Galliford Try has reported moderate increases in profit and turnover.

The contractor turned over £1.39bn in the year to 30 June 2023, a 13 per cent increase on a year earlier. Revenue at its infrastructure arm grew substantially from £441.9m to £590.8m, while growth at the company’s larger building division was slower, edging up by £8m to £797.1m.

Galliford Try made a pre-tax profit of £10.1m, up from £5.4m a year earlier. However, its ‘pre-exceptional profit before tax’ stood at £23.4m; the bulk of its ‘exceptional’ costs was £10.5m incurred for investment into cloud-based IT systems, which went into operation over summer this year.

The profit included £3.6m that the company made from selling its stake in a joint venture, which Construction News understands was a legacy company that operates a management-services contract signed more than 10 years ago.

Galliford Try said it was on track to make around £27m in profit in its current financial year, with 92 per cent of its order book for the period having been inked at its finacial year’s start on 1 July. Overall, the company’s order book stands at £3.7bn, up by 8.8 per cent from a year earlier.

The group is targeting a turnover of £1.6bn by 2026, with a profit margin of 3 per cent. It said it would achieve this through “disciplined revenue growth” in its primary markets of environmental work, buildings work and infrastructure.

It added that it will “target further growth in complementary and adjacent markets” with higher margins, such as co-developing build-to-rent schemes, improving its green retrofit offer and increasing its “capital-maintenance and asset-optimisation capabilities”.

In an interview with CN, Galliford Try chief executive Bill Hocking said that he was “excited by the fact that the strategy is working, and the group is heading strongly in the right direction” with a “strong order book and a very strong balance sheet”.

He added that he “absolutely” reflects on where the company has come from five years ago, when it had large losses from major problem jobs, was forced to raise capital through rights issues, and had to sell its housebuilding arm for a share-and-cash deal worth £1.1bn.

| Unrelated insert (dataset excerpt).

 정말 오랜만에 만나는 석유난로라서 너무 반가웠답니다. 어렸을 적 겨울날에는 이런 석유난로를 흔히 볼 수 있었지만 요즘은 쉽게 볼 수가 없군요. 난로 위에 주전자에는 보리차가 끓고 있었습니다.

“Where we are now is a reflection of the really hard work that has gone on over that period of time by a lot of educated and talented people,” said Hocking.

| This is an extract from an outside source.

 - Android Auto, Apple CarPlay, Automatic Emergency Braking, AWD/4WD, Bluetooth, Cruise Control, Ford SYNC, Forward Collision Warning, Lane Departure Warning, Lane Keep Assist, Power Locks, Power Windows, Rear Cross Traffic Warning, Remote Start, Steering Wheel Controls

Andy Murphy, director at investment research company Edison Group, commented: “Galliford Try specialises in infrastructure and environmental projects, and shed its housebuilding arm in 2020.

“These choices have made Galliford Try’s business model uniquely resilient during what is a challenging period for the sector, and for the economy at large. Infrastructure projects are counter-cyclical, and the drive to net zero has increased demand for environmental projects.

“What’s more, divestment from housebuilding has shielded the company from the decline of the residential property market, which began earlier this year. As uncertainty over property markets abounds, Galliford Try finds itself well-positioned to take advantage of many of the long-term trends in British construction.”